-- DATA SECTION follows --

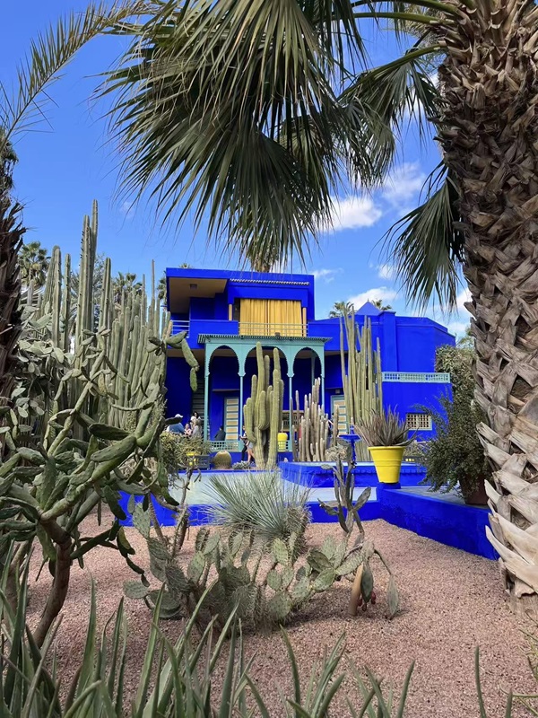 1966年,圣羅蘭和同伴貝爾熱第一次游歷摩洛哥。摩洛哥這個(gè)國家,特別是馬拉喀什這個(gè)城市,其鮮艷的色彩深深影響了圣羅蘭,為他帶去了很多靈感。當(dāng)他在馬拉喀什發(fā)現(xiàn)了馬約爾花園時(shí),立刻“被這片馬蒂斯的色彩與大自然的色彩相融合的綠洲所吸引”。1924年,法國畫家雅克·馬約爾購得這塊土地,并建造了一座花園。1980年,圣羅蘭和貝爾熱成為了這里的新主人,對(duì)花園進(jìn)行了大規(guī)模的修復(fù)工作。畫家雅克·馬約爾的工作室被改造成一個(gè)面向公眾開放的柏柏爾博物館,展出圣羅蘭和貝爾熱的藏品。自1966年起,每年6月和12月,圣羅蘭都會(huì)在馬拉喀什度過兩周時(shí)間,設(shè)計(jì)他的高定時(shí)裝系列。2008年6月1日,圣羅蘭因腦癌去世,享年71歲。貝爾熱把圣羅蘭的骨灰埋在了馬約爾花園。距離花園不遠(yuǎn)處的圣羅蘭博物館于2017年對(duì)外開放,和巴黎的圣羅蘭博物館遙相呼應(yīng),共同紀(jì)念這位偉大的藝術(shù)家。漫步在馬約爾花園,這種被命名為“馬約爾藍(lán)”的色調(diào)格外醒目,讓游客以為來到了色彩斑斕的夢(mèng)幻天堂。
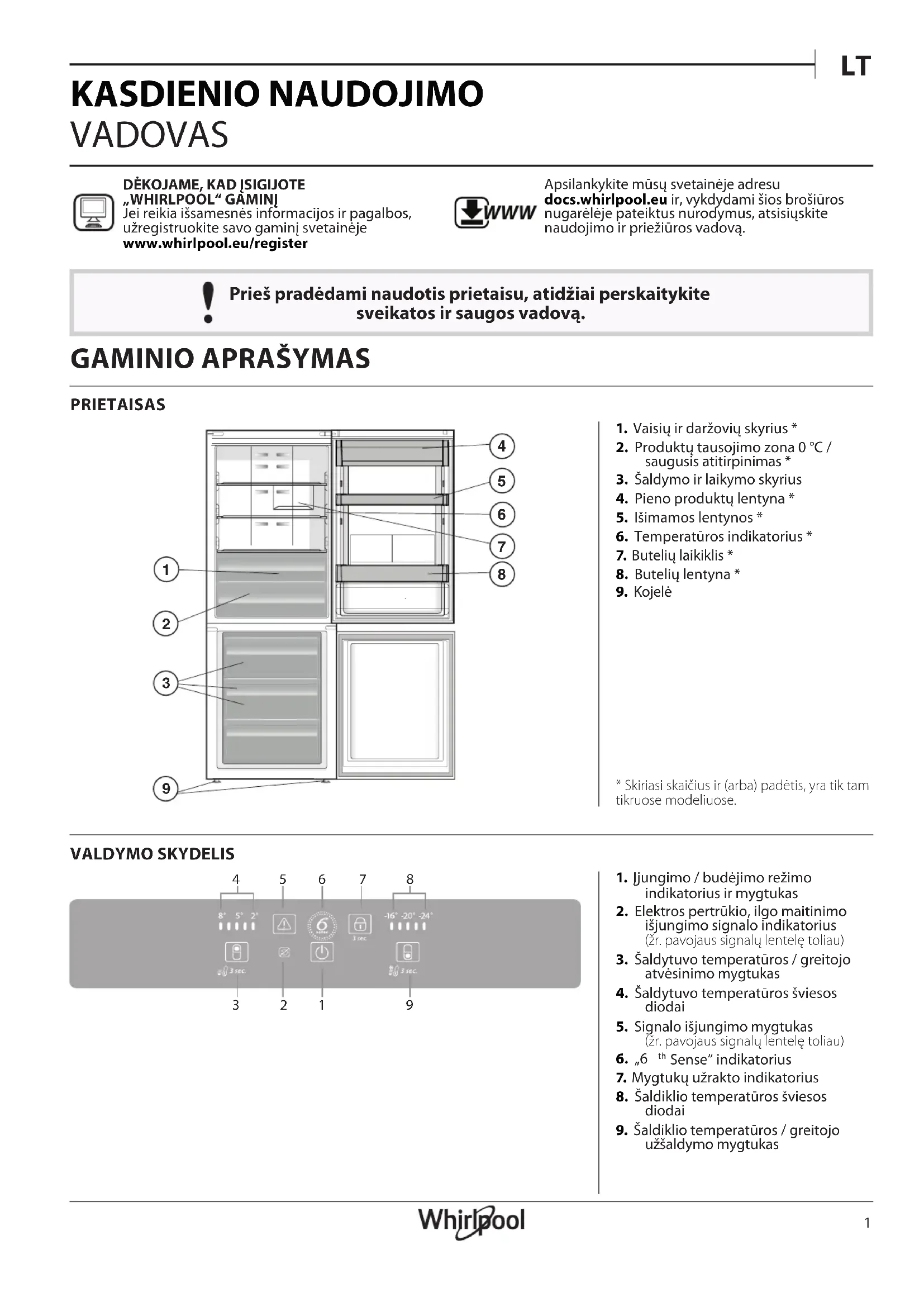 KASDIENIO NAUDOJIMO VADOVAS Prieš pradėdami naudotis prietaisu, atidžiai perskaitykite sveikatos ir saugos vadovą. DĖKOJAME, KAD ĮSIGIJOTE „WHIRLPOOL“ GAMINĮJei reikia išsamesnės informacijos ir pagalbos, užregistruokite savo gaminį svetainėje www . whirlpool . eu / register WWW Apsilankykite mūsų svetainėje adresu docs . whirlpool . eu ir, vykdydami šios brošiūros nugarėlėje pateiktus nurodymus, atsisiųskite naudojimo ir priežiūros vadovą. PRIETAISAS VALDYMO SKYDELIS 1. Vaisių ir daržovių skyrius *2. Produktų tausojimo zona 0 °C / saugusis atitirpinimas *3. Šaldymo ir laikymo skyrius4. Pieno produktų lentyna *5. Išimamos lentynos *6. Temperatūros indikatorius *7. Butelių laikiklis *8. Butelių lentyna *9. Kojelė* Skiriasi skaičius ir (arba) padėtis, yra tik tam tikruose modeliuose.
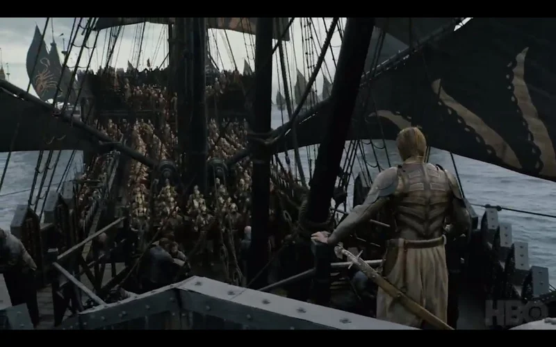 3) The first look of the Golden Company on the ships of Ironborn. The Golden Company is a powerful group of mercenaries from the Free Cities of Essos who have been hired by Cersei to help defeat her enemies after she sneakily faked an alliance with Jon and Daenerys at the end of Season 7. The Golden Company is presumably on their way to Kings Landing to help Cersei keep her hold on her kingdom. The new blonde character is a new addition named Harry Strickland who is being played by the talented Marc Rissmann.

-- DATA SECTION concluded --

◆ ACTIVITY ◆
Set down the material above exactly as it reads, but not its pictures.

◆ ANSWER SPACE ◆
 1966年,圣羅蘭和同伴貝爾熱第一次游歷摩洛哥。摩洛哥這個(gè)國家,特別是馬拉喀什這個(gè)城市,其鮮艷的色彩深深影響了圣羅蘭,為他帶去了很多靈感。當(dāng)他在馬拉喀什發(fā)現(xiàn)了馬約爾花園時(shí),立刻“被這片馬蒂斯的色彩與大自然的色彩相融合的綠洲所吸引”。1924年,法國畫家雅克·馬約爾購得這塊土地,并建造了一座花園。1980年,圣羅蘭和貝爾熱成為了這里的新主人,對(duì)花園進(jìn)行了大規(guī)模的修復(fù)工作。畫家雅克·馬約爾的工作室被改造成一個(gè)面向公眾開放的柏柏爾博物館,展出圣羅蘭和貝爾熱的藏品。自1966年起,每年6月和12月,圣羅蘭都會(huì)在馬拉喀什度過兩周時(shí)間,設(shè)計(jì)他的高定時(shí)裝系列。2008年6月1日,圣羅蘭因腦癌去世,享年71歲。貝爾熱把圣羅蘭的骨灰埋在了馬約爾花園。距離花園不遠(yuǎn)處的圣羅蘭博物館于2017年對(duì)外開放,和巴黎的圣羅蘭博物館遙相呼應(yīng),共同紀(jì)念這位偉大的藝術(shù)家。漫步在馬約爾花園,這種被命名為“馬約爾藍(lán)”的色調(diào)格外醒目,讓游客以為來到了色彩斑斕的夢(mèng)幻天堂。
 KASDIENIO NAUDOJIMO VADOVAS Prieš pradėdami naudotis prietaisu, atidžiai perskaitykite sveikatos ir saugos vadovą. DĖKOJAME, KAD ĮSIGIJOTE „WHIRLPOOL“ GAMINĮJei reikia išsamesnės informacijos ir pagalbos, užregistruokite savo gaminį svetainėje www . whirlpool . eu / register WWW Apsilankykite mūsų svetainėje adresu docs . whirlpool . eu ir, vykdydami šios brošiūros nugarėlėje pateiktus nurodymus, atsisiųskite naudojimo ir priežiūros vadovą. PRIETAISAS VALDYMO SKYDELIS 1. Vaisių ir daržovių skyrius *2. Produktų tausojimo zona 0 °C / saugusis atitirpinimas *3. Šaldymo ir laikymo skyrius4. Pieno produktų lentyna *5. Išimamos lentynos *6. Temperatūros indikatorius *7. Butelių laikiklis *8. Butelių lentyna *9. Kojelė* Skiriasi skaičius ir (arba) padėtis, yra tik tam tikruose modeliuose.
 3) The first look of the Golden Company on the ships of Ironborn. The Golden Company is a powerful group of mercenaries from the Free Cities of Essos who have been hired by Cersei to help defeat her enemies after she sneakily faked an alliance with Jon and Daenerys at the end of Season 7. The Golden Company is presumably on their way to Kings Landing to help Cersei keep her hold on her kingdom. The new blonde character is a new addition named Harry Strickland who is being played by the talented Marc Rissmann.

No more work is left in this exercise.